▶ **Data provided**
::::::::::

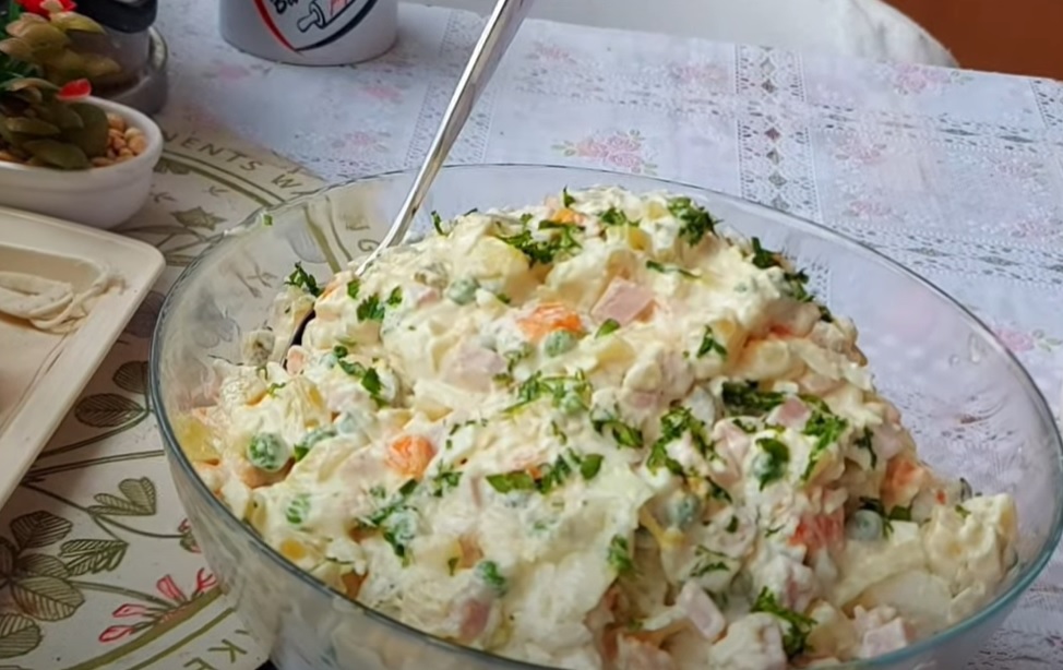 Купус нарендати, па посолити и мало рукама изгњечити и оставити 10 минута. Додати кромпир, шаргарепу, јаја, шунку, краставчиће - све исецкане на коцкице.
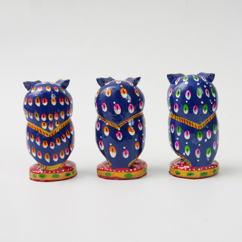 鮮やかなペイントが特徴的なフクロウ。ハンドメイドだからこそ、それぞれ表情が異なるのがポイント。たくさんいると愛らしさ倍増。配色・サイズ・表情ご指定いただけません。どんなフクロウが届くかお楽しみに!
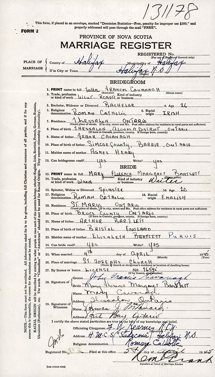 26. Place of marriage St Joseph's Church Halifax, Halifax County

::::::::::

▶ **About this exercise**
Copy out the data above exactly, except the pictures.

▶ **Task result**
 Купус нарендати, па посолити и мало рукама изгњечити и оставити 10 минута. Додати кромпир, шаргарепу, јаја, шунку, краставчиће - све исецкане на коцкице.
 鮮やかなペイントが特徴的なフクロウ。ハンドメイドだからこそ、それぞれ表情が異なるのがポイント。たくさんいると愛らしさ倍増。配色・サイズ・表情ご指定いただけません。どんなフクロウが届くかお楽しみに!
 26. Place of marriage St Joseph's Church Halifax, Halifax County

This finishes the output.